Work required: Word for word, output the data, with none of its pictures.

Dataset excerpts:
———

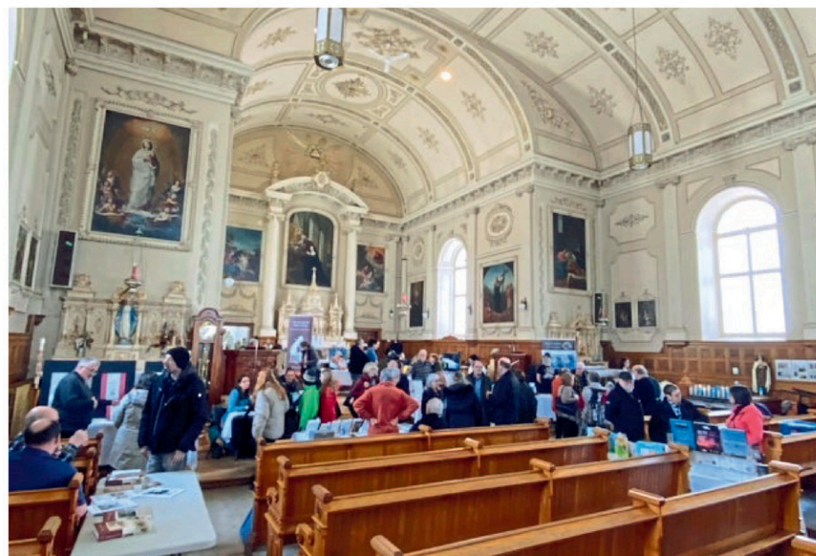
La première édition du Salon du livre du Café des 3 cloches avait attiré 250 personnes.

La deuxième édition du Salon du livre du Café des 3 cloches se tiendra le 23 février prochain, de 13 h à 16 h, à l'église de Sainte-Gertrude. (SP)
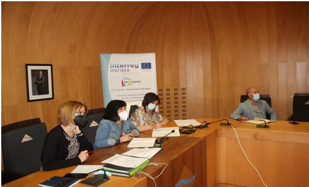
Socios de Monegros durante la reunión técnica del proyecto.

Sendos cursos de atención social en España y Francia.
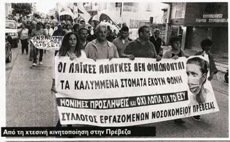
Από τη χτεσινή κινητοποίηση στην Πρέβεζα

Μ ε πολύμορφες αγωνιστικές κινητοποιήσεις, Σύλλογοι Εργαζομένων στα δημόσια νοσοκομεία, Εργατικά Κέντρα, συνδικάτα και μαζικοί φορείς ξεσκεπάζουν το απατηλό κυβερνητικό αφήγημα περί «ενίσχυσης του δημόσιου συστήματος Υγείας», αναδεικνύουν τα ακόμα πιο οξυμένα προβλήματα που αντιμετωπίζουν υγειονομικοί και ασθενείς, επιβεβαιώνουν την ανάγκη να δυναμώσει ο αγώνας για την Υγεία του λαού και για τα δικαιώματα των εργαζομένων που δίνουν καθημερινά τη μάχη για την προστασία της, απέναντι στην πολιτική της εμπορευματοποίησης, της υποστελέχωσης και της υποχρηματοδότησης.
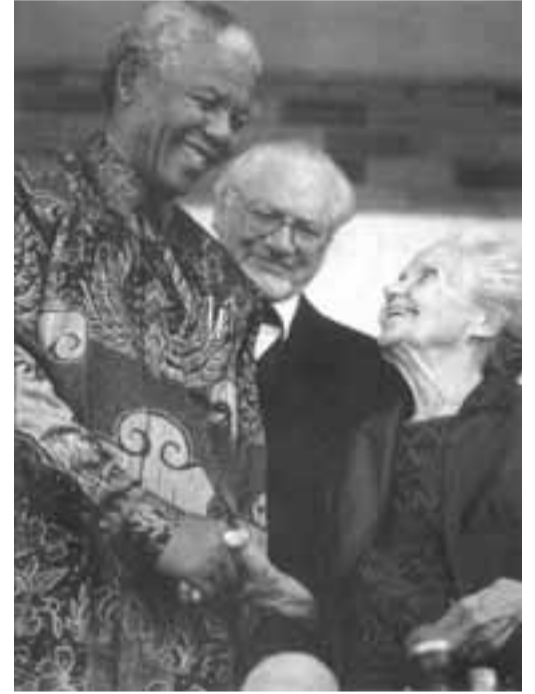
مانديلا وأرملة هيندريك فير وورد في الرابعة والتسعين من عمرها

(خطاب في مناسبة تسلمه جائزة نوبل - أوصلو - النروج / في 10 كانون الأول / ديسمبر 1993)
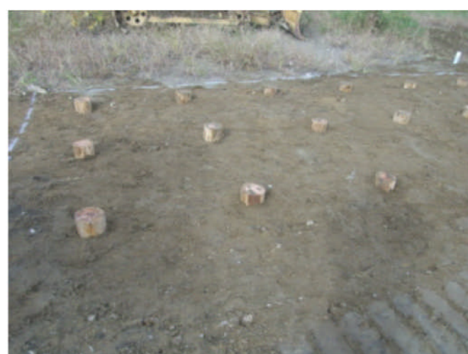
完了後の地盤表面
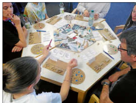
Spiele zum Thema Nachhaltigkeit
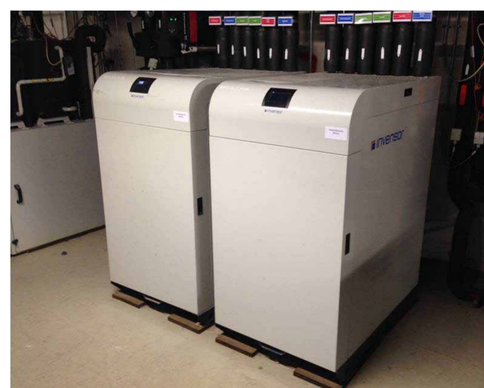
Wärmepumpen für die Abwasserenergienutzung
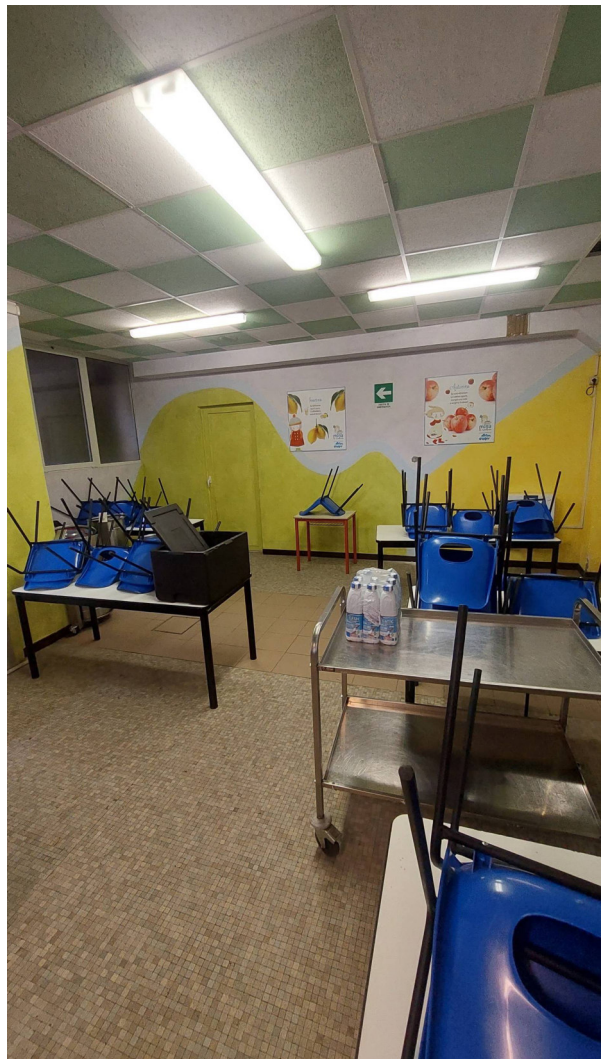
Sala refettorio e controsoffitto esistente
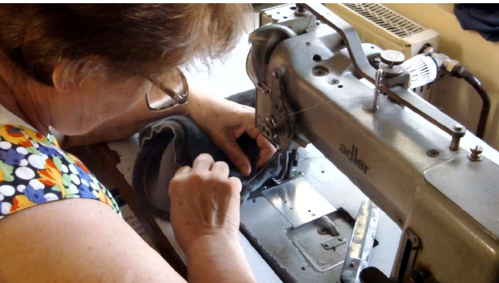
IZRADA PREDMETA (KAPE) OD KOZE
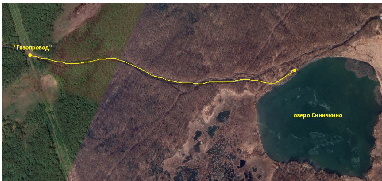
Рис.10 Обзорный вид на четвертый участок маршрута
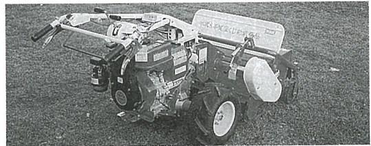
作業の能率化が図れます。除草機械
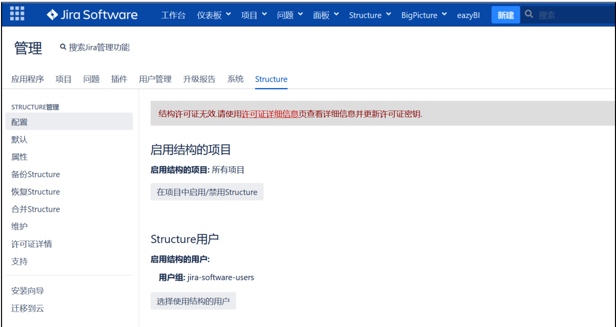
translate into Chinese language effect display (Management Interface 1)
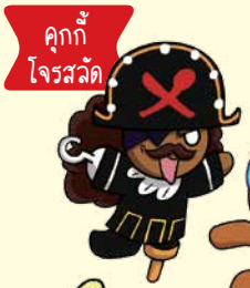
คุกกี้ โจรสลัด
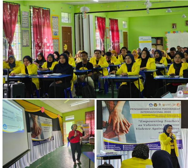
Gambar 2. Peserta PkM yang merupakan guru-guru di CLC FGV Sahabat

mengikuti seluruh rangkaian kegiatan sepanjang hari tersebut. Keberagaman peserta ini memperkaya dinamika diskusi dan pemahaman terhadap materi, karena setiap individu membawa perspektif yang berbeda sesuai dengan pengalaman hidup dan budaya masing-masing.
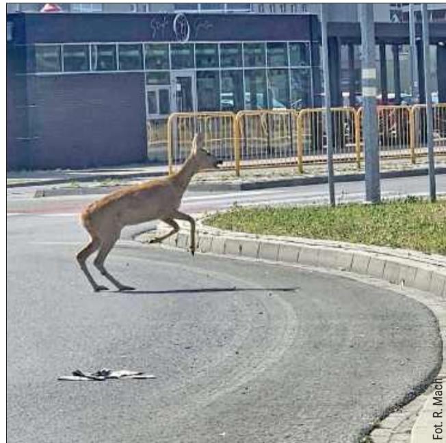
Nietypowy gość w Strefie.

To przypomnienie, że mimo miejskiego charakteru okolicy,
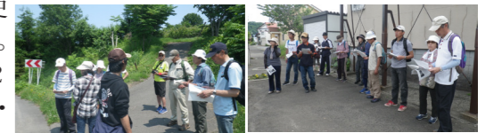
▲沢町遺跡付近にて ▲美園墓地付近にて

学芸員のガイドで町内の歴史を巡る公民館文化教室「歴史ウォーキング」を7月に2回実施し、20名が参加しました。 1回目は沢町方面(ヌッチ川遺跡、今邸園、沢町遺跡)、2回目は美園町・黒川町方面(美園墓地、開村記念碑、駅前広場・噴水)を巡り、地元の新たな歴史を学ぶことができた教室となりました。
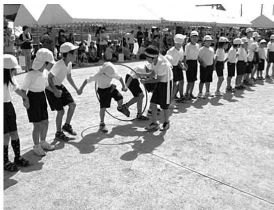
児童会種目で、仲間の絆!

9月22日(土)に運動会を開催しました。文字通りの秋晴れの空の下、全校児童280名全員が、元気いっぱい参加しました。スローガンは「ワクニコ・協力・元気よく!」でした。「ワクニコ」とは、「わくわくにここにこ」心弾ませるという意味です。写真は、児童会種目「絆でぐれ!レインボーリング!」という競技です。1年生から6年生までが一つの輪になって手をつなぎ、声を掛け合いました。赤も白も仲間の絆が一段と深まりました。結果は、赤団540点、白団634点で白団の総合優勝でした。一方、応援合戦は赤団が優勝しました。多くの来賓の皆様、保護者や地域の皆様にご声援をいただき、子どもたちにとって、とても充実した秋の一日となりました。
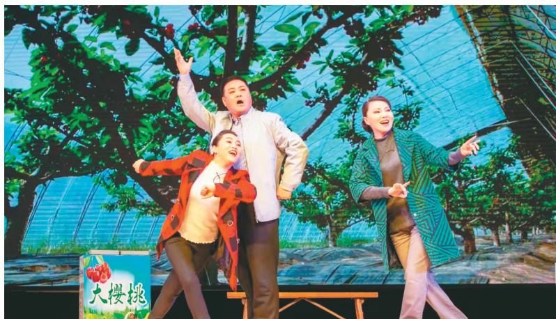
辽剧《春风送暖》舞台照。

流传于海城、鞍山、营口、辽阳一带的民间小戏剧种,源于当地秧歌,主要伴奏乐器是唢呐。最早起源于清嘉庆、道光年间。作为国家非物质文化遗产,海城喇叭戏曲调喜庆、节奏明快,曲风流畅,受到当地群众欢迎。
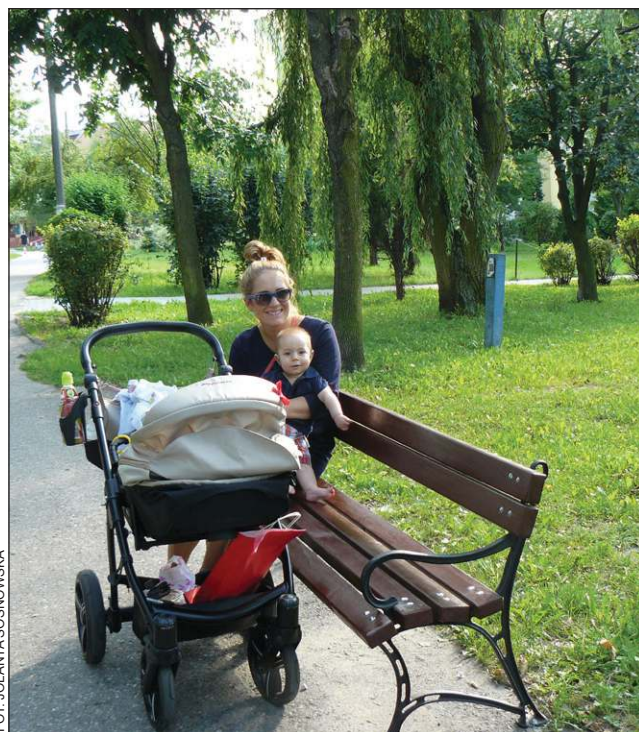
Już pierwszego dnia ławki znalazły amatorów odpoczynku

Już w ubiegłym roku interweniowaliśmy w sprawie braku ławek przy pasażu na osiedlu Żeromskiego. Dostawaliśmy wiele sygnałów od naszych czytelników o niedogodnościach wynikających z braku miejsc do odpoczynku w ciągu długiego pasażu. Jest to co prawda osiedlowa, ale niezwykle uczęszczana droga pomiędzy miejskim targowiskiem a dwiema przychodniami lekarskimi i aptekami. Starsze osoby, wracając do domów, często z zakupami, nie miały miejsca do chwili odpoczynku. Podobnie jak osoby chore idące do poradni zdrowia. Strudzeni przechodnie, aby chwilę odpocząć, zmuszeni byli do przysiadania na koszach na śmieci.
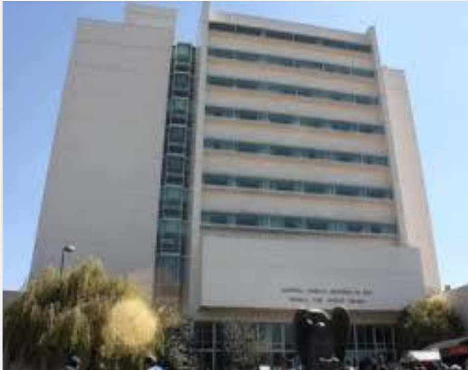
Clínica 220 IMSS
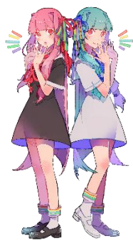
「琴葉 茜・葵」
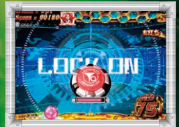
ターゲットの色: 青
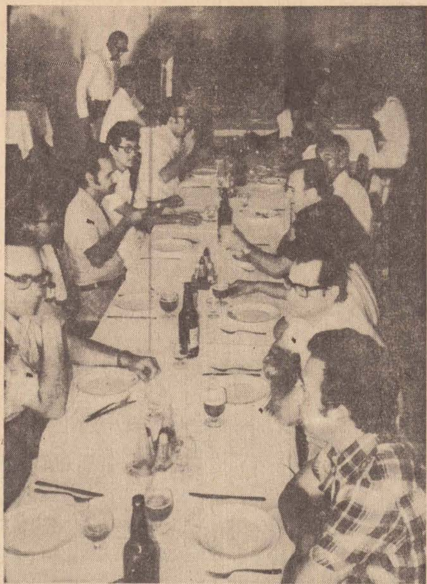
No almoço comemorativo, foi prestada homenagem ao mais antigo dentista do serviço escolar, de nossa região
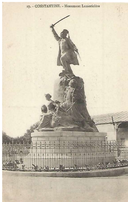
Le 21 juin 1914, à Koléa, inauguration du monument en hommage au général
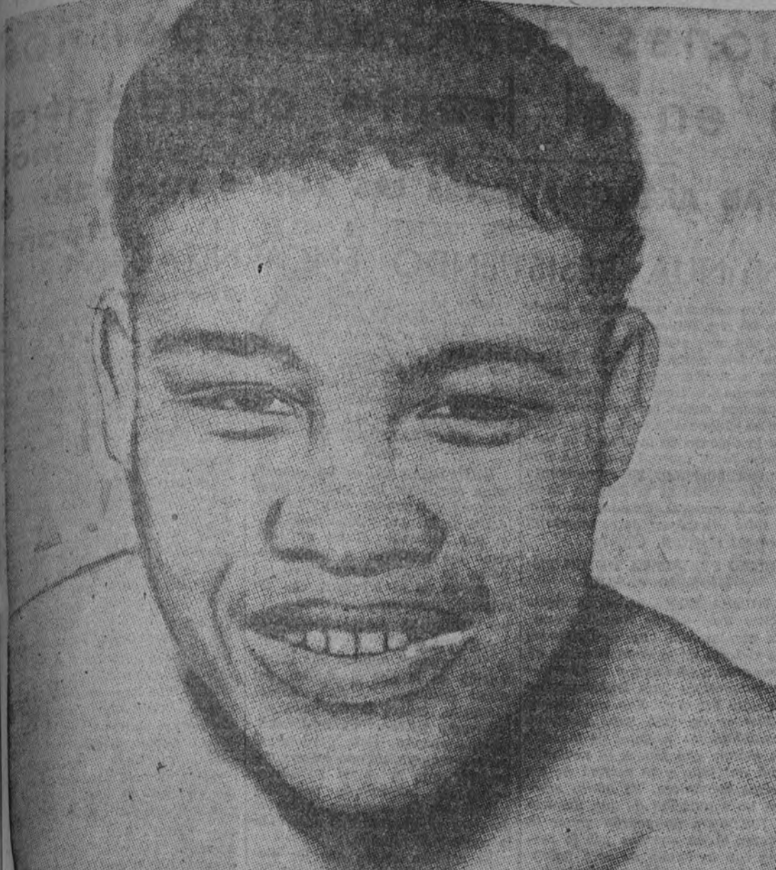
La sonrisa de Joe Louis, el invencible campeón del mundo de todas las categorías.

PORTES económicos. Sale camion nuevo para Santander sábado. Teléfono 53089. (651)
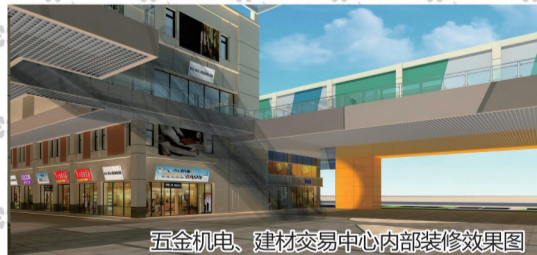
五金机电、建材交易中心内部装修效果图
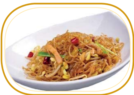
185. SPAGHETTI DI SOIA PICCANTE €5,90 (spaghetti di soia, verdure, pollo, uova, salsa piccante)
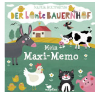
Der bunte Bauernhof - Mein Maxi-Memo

———

Solution:
La première édition du Salon du livre du Café des 3 cloches avait attiré 250 personnes.

La deuxième édition du Salon du livre du Café des 3 cloches se tiendra le 23 février prochain, de 13 h à 16 h, à l'église de Sainte-Gertrude. (SP)
Socios de Monegros durante la reunión técnica del proyecto.

Sendos cursos de atención social en España y Francia.
Από τη χτεσινή κινητοποίηση στην Πρέβεζα

Μ ε πολύμορφες αγωνιστικές κινητοποιήσεις, Σύλλογοι Εργαζομένων στα δημόσια νοσοκομεία, Εργατικά Κέντρα, συνδικάτα και μαζικοί φορείς ξεσκεπάζουν το απατηλό κυβερνητικό αφήγημα περί «ενίσχυσης του δημόσιου συστήματος Υγείας», αναδεικνύουν τα ακόμα πιο οξυμένα προβλήματα που αντιμετωπίζουν υγειονομικοί και ασθενείς, επιβεβαιώνουν την ανάγκη να δυναμώσει ο αγώνας για την Υγεία του λαού και για τα δικαιώματα των εργαζομένων που δίνουν καθημερινά τη μάχη για την προστασία της, απέναντι στην πολιτική της εμπορευματοποίησης, της υποστελέχωσης και της υποχρηματοδότησης.
مانديلا وأرملة هيندريك فير وورد في الرابعة والتسعين من عمرها

(خطاب في مناسبة تسلمه جائزة نوبل - أوصلو - النروج / في 10 كانون الأول / ديسمبر 1993)
完了後の地盤表面
Spiele zum Thema Nachhaltigkeit
Wärmepumpen für die Abwasserenergienutzung
Sala refettorio e controsoffitto esistente
IZRADA PREDMETA (KAPE) OD KOZE
Рис.10 Обзорный вид на четвертый участок маршрута
作業の能率化が図れます。除草機械
translate into Chinese language effect display (Management Interface 1)
คุกกี้ โจรสลัด
Gambar 2. Peserta PkM yang merupakan guru-guru di CLC FGV Sahabat

mengikuti seluruh rangkaian kegiatan sepanjang hari tersebut. Keberagaman peserta ini memperkaya dinamika diskusi dan pemahaman terhadap materi, karena setiap individu membawa perspektif yang berbeda sesuai dengan pengalaman hidup dan budaya masing-masing.
Nietypowy gość w Strefie.

To przypomnienie, że mimo miejskiego charakteru okolicy,
▲沢町遺跡付近にて ▲美園墓地付近にて

学芸員のガイドで町内の歴史を巡る公民館文化教室「歴史ウォーキング」を7月に2回実施し、20名が参加しました。 1回目は沢町方面(ヌッチ川遺跡、今邸園、沢町遺跡)、2回目は美園町・黒川町方面(美園墓地、開村記念碑、駅前広場・噴水)を巡り、地元の新たな歴史を学ぶことができた教室となりました。
児童会種目で、仲間の絆!

9月22日(土)に運動会を開催しました。文字通りの秋晴れの空の下、全校児童280名全員が、元気いっぱい参加しました。スローガンは「ワクニコ・協力・元気よく!」でした。「ワクニコ」とは、「わくわくにここにこ」心弾ませるという意味です。写真は、児童会種目「絆でぐれ!レインボーリング!」という競技です。1年生から6年生までが一つの輪になって手をつなぎ、声を掛け合いました。赤も白も仲間の絆が一段と深まりました。結果は、赤団540点、白団634点で白団の総合優勝でした。一方、応援合戦は赤団が優勝しました。多くの来賓の皆様、保護者や地域の皆様にご声援をいただき、子どもたちにとって、とても充実した秋の一日となりました。
辽剧《春风送暖》舞台照。

流传于海城、鞍山、营口、辽阳一带的民间小戏剧种,源于当地秧歌,主要伴奏乐器是唢呐。最早起源于清嘉庆、道光年间。作为国家非物质文化遗产,海城喇叭戏曲调喜庆、节奏明快,曲风流畅,受到当地群众欢迎。
Już pierwszego dnia ławki znalazły amatorów odpoczynku

Już w ubiegłym roku interweniowaliśmy w sprawie braku ławek przy pasażu na osiedlu Żeromskiego. Dostawaliśmy wiele sygnałów od naszych czytelników o niedogodnościach wynikających z braku miejsc do odpoczynku w ciągu długiego pasażu. Jest to co prawda osiedlowa, ale niezwykle uczęszczana droga pomiędzy miejskim targowiskiem a dwiema przychodniami lekarskimi i aptekami. Starsze osoby, wracając do domów, często z zakupami, nie miały miejsca do chwili odpoczynku. Podobnie jak osoby chore idące do poradni zdrowia. Strudzeni przechodnie, aby chwilę odpocząć, zmuszeni byli do przysiadania na koszach na śmieci.
Clínica 220 IMSS
「琴葉 茜・葵」
ターゲットの色: 青
No almoço comemorativo, foi prestada homenagem ao mais antigo dentista do serviço escolar, de nossa região
Le 21 juin 1914, à Koléa, inauguration du monument en hommage au général
La sonrisa de Joe Louis, el invencible campeón del mundo de todas las categorías.

PORTES económicos. Sale camion nuevo para Santander sábado. Teléfono 53089. (651)
五金机电、建材交易中心内部装修效果图
185. SPAGHETTI DI SOIA PICCANTE €5,90 (spaghetti di soia, verdure, pollo, uova, salsa piccante)
Der bunte Bauernhof - Mein Maxi-Memo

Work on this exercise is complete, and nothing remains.